The same reaction on Ni2+-NTA beads that was used for the RNase footprinting was pre-incubated to form RPo. Transcription was initiated by adding 20 µM GTP, UTP, CTP, 2 µM ATP and 5 µCi [γ-32P] ATP for 10 min. The reaction was chased with 20 µM ATP for 3 min. After washing two times, 50 nM GreB was added for 10 min to induce cleavage of the transcripts. The beads were washed twice to stop the reaction and the products were denatured at 95 °C for 5 min.
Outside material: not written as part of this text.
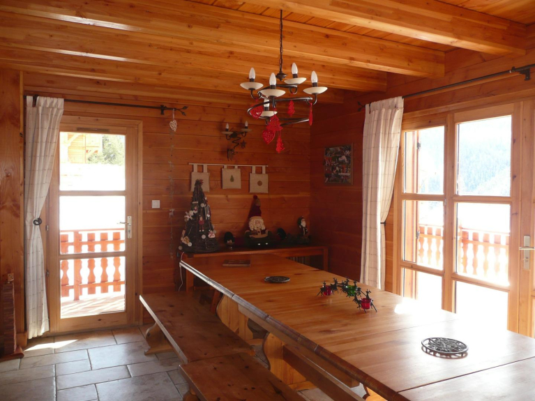 In a recent wooden CHALET from 2004, up to 12 beds, enjoy a duplex apartment 3 minutes from the slopes and the village centre.

Potassium permanganate DNA footprinting

DNA was labeled by [γ-32P] ATP individually at the 5′ end of the template or the non-template strands. The labeled DNA (~12,000 cpm) and 150 nM Eσ70 were used to form the paused TECs. The sample was mixed with equal volume of 20 mM KMnO4 by vortexting for 15 s and quenched by 1.3 M β-mercaptoethanol. After adding 80 µg salmon sperm DNA (Invitrogen) and nuclease-free water to a total volume of 100 µl, the DNA fragments were extracted by PCI and precipitated by adding 1/10 volume of sodium acetate and 2.5 volumes of ethanol for 1 h at −20 °C. The pellet was resuspended in 10% (v/v) piperidine and treated for 15 min at 90 °C. The DNA fragments were re-precipitated and washed twice with 70% ethanol. The DNA pellet was dissolved in 20 µl nuclease-free water, dried by vacuuming and dissolved in the loading buffer (95% formamide, 20 mM EDTA pH 8.0, 0.2% SDS, 0.05% xylene cyanol and bromphenol blue). The sequencing ladders were generated by a Thermo Sequenase Cycle Sequencing Kit (ThermoFisher). The resultant DNA products were analyzed by 10% (19:1, acrylamide:bisacrylamide) PAGE containing 7.5 M urea.

RNA-seq and data analysis

To extract total RNA for RNA-seq, 8 ml E. coli cells grown to mid-log phase (OD600 = 0.5) were spun down, resuspended in 800 µl TRIzol (Invitrogen) and incubated for 4 min at 95 °C. The total RNA was purified by 400 µl PCI extraction and 200 µl chloroform extraction. After centrifugation, an equal volume of isopropanol was added to the top water phase to precipitate the RNA. The genomic DNA was digested with 50 U DNase I for 30 min at room temperature. The RNA was purified by RNeasy Mini Kit (Qiagen) and its concentration was quantified by Agilent 2100 bioanalyzer. The libraries were constructed using TruSeq Stranded Total RNA Library Prep Kit (Illumina) and applied to MiSeq using 2 × 150 bp paired-end sequencing at the Center for Cancer Research Sequencing Facility. The reads that passed quality control and filtering of the raw data were aligned to the E. coli genome NC_000913.2 using STAR61. The raw counts of the aligned reads for each gene were calculated by HTseq62. Fold changes of genes transcription between different samples were calculated by DESeq263.

Reporting summary

Further information on research design is available in the Nature Research Reporting Summary linked to this article.